Elle souligne d’abord l’importance d’une vigilance accrue en période de pâturage, avec l’observation régulière des animaux et l’identification des parcelles les plus exposées. Elle met également en évidence la nécessité d’intégrer le risque « tiques » dans l’analyse globale des problèmes sanitaires des troupeaux, notamment lors de séries d’avortements, de baisses de performances, d’animaux présentant des difficultés à se lever (arthrites causées par Borrelia spp) ou d’épisodes de montées en température inexpliquées.

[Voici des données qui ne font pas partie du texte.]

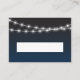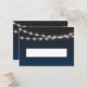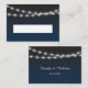 An elegant modern Wedding Reception guest place name business cards in a navy blue watercolor ombre effect with faint brush strokes. To the top of the cards, on both front and back, are two strings of sparkling string tea-lights with the background serving as a night sky. The Bride and Groom's names and Wedding Date can be added to the reverse of the card.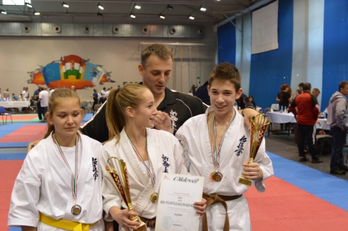 Három versenyzővel indult neki az Utánpótlás Magyar Bajnokságnak a Castrum csapata. A három harcos két aranyérmet, egy ezüstöt, és egy bronzérmet szerzett Nyíradonyban a Magyar Karate Szövetség 2014-es Magyar Bajnokságán. Kapuvár - Nyíradony 940 megtett km, és jó pár óra kocsikázás után boldog volt a hazafelé vezető út a hétvégi Kyokushin Karate Utánpótlás Magyar Bajnokságot követően. Az év legrangosabb hazai karate versenyét 399 nevezővel rendezték meg a nyírségben. A küzdelmek, és a formagyakorlatok 6 küzdőtéren zajlottak szombat reggel 8 -órától. A népes mezőnyben mindössze 3 kapuvári karatés mérettette meg magát, akik derekasan helyt álltak. Bán LiliMíg Bán Lili a -55 kg-os súlycsoport Ifjúsági kategóriban szerzett ezüstérmet, addig Németh Veronika a junior korcsoportban kiérdemelte a Magyar Bajnok-i címet. Veronika comb K.O-val, győzte nyírbátori riválisát, majd pápai ellenfelét két villám gyors fejrúgással engedte maga mögé a dobogón. Németh Veronika, Pantelics Bence, és Bán LiliPantelics Bence az Ifi fiú 65 kg-os korcsoportban K.O-zott testre, villantotta fejrúgásait, és hajtotta ellenfelét a páston kívül. Három küzdelem után, a Magyar Bajnoknak járó kupát Ő emelhette a nap végén a magasba.Kata formagyakorlatban egy ellépés miatt csak a bronzérmet kaphatta meg. Útban az Európa Bajnokságra "- Még két hetünk van az Ifjúsági Európa Bajnokságig, ahol Bán Lili és Pantelics Bence mellett Barzsó Rebeka is küzdőtérre lép. Ez a Magyar Bajnokság egy mérföldkő volt a felkészülésben. Igazi versenyhelyzetet az edzőteremben nem tudunk produkálni, ezért nagyon tanúlságos volt a hétvégi verseny számunkra. Az arany- és ezüstérem nem adhat okot, hogy elbízzuk magunkat. Van még rengeteg hiba, amit javítanunk kell, hogy azt mondhassák a sportolók: - Igen, felkészültünk! Köszönjük Kapuvár Önkormányzatának, és Bognár Csabának Full - Energy benzinkutakat üzemeltető Full-Sopron Kft ügyvezetőjének, valamint Kovács Győzőnek a Rábaközi Nyomda tulajdonosának, hogy lokálpatriótákként támogatják a kapuvári karatésok sikereit! Minden erőnkkel azon vagyunk, hogy dicsőséget szerezzünk a Castrumnak, és Kapuvárnak. Úgy vélem, méltó helyre kerülnek a szponzori feliratok a novemberi Európa Bajnokságon." - nyilatkozta Pantelics Péter, a Castrum SC elnöke. Bán Lili, Németh Veronika, Pantelics Bence - hátul Pantelics Péter További képek a Castrum SC Facebook oldalán >>> Twitter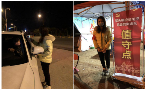 会计学院学生第二党支部入党积极分子罗艳芳同志作为广州市从化区鳌头镇白兔村村委监测点的一名志愿者,臂戴红袖章,面戴医用口罩,手握体温枪,在寒风中坚持“逢车必检,逢人必查”,为每一个入村的村民测量体温。面对疫情,她选择坚守在疫情防控志愿工作一线,以实际行动支援在最前线抗击疫情的“白衣战士”们。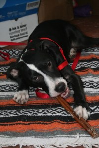 Buckwheat is a sweet, laid-back puppy who happily chewed on a stick in front of the Woofs! Dog Training Center table. He is being fostered at Woofs and waiting for someone to adopt him.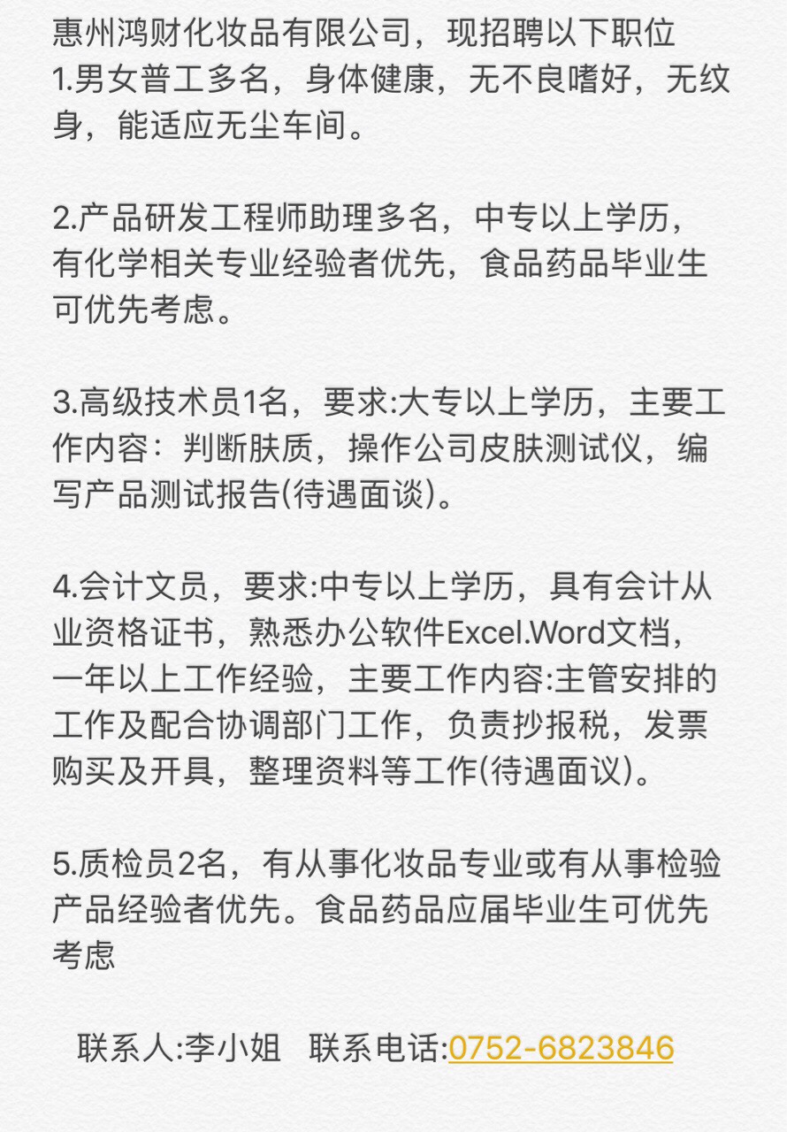 惠州鸿财化妆品有限公司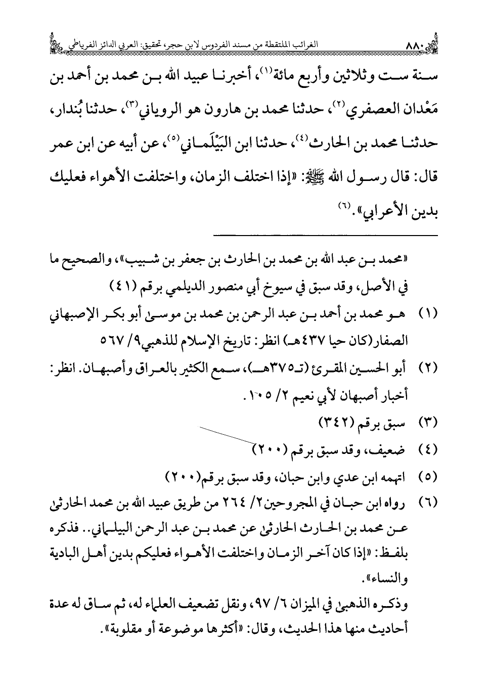 سنة ست وثلاثين وأربع مائة (¬١)، أخبرنا عبيد الله بن محمد بن أحمد بن مَعْدان العصفري (¬٢)، حدثنا محمد بن هارون هو الروياني (¬٣)، حدثنا بُندار، حدثنا محمد بن الحارث (¬٤)، حدثنا ابن البَيْلَماني (¬٥)، عن أبيه عن ابن عمر قال: قال رسول الله - صلى الله عليه وسلم -: "إذا اختلف الزمان، واختلفت الأهواء فعليك بدين الأعرابي". (¬٦)

Les ingénieurs du GDS ont insisté sur l’intérêt d’une approche combinant observation de terrain, diagnostic vétérinaire et analyses ciblées, afin de ne pas passer à côté de pathologies parfois discrètes mais pénalisantes à long terme. L’étude ouvre également des perspectives en matière de prévention, avec un travail à poursuivre sur l’aménagement des parcelles, la gestion des zones à risque et la sensibilisation des éleveurs aux mesures de protection individuelle et collective.
Un enjeu sanitaire majeur pour les élevages vosgiens
Au-delà des apports scientifiques, les échanges multiples avec la salle ont montré l’importance du sujet pour les éleveurs. Les maladies à tiques s’inscrivent désormais dans les problématiques sanitaires à prendre en compte, au même titre que d’autres pathologies, avec des conséquences possibles sur la santé des animaux mais aussi celle des éleveurs et de leurs familles.
Cette journée confirme, par ailleurs, la volonté du GDS des Vosges de développer des outils d’observation, de prévention et d’accompagnement adaptés aux réalités du terrain.
La forte participation et la qualité des échanges témoignent d’un besoin réel d’information et d’appui technique sur le sujet. Les travaux engagés par le GDS devraient se poursuivre dans les prochaines années afin d’affiner la connaissance du risque et de proposer des leviers d’action concrets pour les élevages vosgiens.